А ночь текла. Когда мы улеглись, угрюмый спросил, за что меня взяли, и рассказал про себя. Это был довольно полный смуглолицый мужчина среднего роста; костюм на нем был синий, галстука не было, ворот рубахи расстегнут. Вьющаяся прядь волос то и дело падала на лоб. Он был рабочий, механик и слесарь, где-то на окраине города у него была небольшая мастерская. Его полные смуглые руки больше смахивали на руки интеллигента. Преступление его было любовного свойства. Он изнасиловал семнадцатилетнюю девушку — не то чтобы напал на первую встречную в лесу или на большой дороге, нет, он ее знал раньше и изнасиловал в ее собственном доме.
— Самое скверное, что я женат, — сказал он, глядя на меня своими темными лучистыми глазами, — женат и очень люблю свою жену. И что это на меня нашло? С чего это я, спросите вы? Чистое скотство.
Он замолчал и уставился на решетку.
— Она каждый день приносит мне завтрак и обед и даже адвоката наняла, — заговорил он снова.

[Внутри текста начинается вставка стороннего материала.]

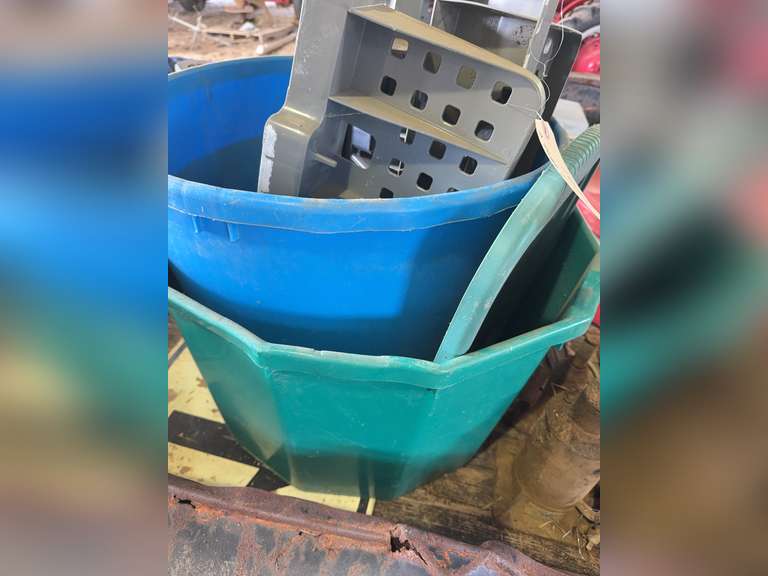 LOT 1025 - Plastic totes and wall hanging tool organizers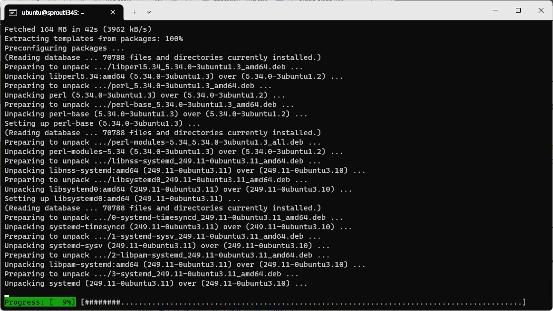 그러면 머신이 재부팅되며 업데이트 및 업그레이드가 끝난다. 연결은 끊어지지 않는다.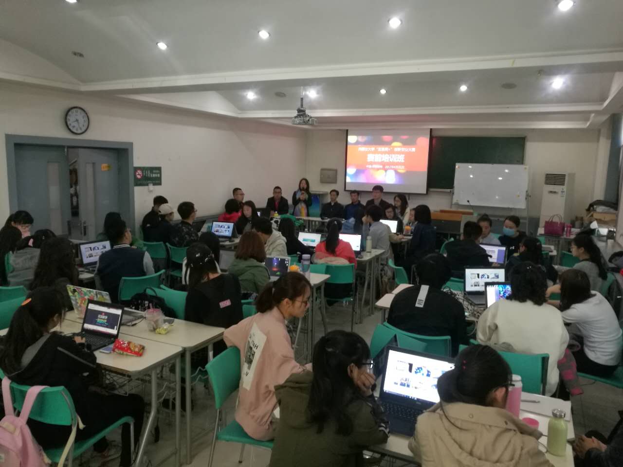 在第三届中国“互联网+”老员工创新创业大赛内蒙古赛区推进会启动之前,为了让更多的员工更快更有效的理解和感受“互联网+” 老员工创新创业大赛的政策和内容,切实提高员工的创业能力、创业意识,培养员工的创新精神,借助“pa集团官网入口-新道教育”校级校企合作实习基地—新道科技股份有限公司的团队力量,2017年4月21日至23日,PA集团官网举行了赛前路演培训活动,共有70名员工报名参加培训。新道科技股份有限公司陕蒙区营销总监张丽、公司党总支书记张士伟出席启动仪式。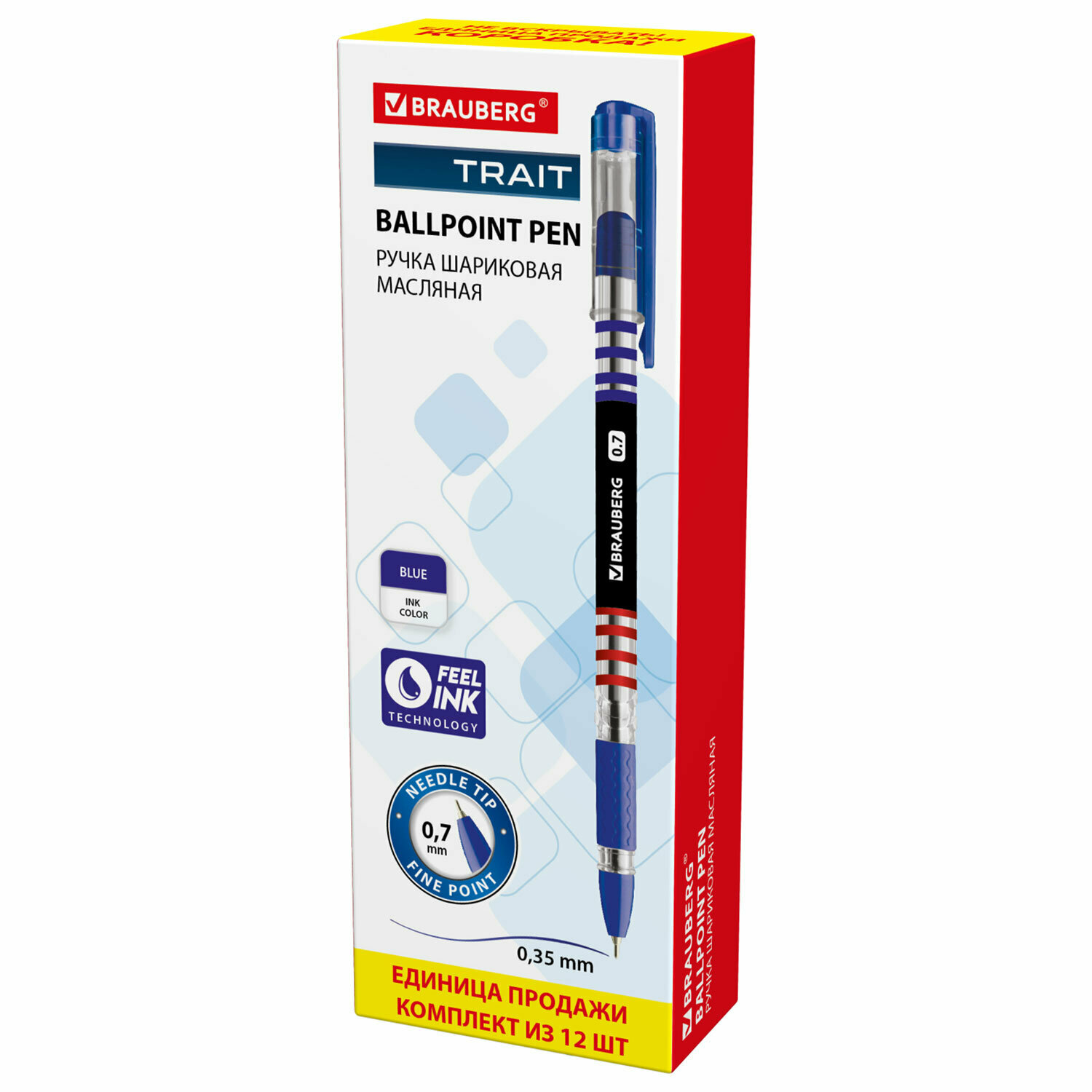 Ручка шариковая масляная с грипом BRAUBERG Trait, комплект 12 штук, синяя, узел 0,7 мм, 880184

Заметив, что я не понимаю, о ком идет речь, добавил:
— Это я о жене. У нас двое детей: Она не жалуется, не плачет, не причитает, ни разу меня не упрекнула. А я-то хорош! Иногда сам бы себя ножом изрезал или голову о стенку разбил.
Опыта в любовных делах у меня не было, и потому его рассказ показался мне скучным. Я никак не мог взять в толк, как это женатый, да еще любит жену, и вдруг ввязывается в такую историю.
— И никак из этого дела не выпутаться, — продолжал он. — Ни за что в жизни не брошу жену и детей! Но речь не об этом. Никто меня и не заставляет их бросать. Но как быть с девушкой, как поправить зло, которое я причинил? Ведь то, что она мне отдала, уже не вернешь. А самое худое знаете что? Ее родители — мои соседи. Я их знал еще до ее рождения, а ее — с пеленок. Она совсем крошкой была и вот почему-то меня полюбила — любила куда больше, чем собственного отца. Шли годы, она подрастала, но все также ластилась ко мне, без конца целовала, обнимала, душила своими поцелуями и объятиями, лезла, не стесняясь. Мать только посмеивалась, отец тоже; да мы все веселились, глядя на ее чудачества, — очень уж забавной казалась ее любовь ко мне. При ней ни один ребенок — тем более девочка — не мог ко мне даже близко подойти. В один прекрасный день я женился. Ей было тогда двенадцать лет. Что с ней стало! Несколько месяцев она не глядела в мою сторону, и только я появлюсь — бежит без оглядки. Тут только я понял. Но она все-таки пришла ко мне и снова стала ласкаться. Понимаете? Моя жена посмеивалась, и мать ее тоже, и отец. Только нам с ней было уже не до смеха. И вот однажды… Адвокат говорит, что если мне удастся отделаться двумя годами тюрьмы, то я должен буду денно и нощно поклоны класть. А вы как думаете?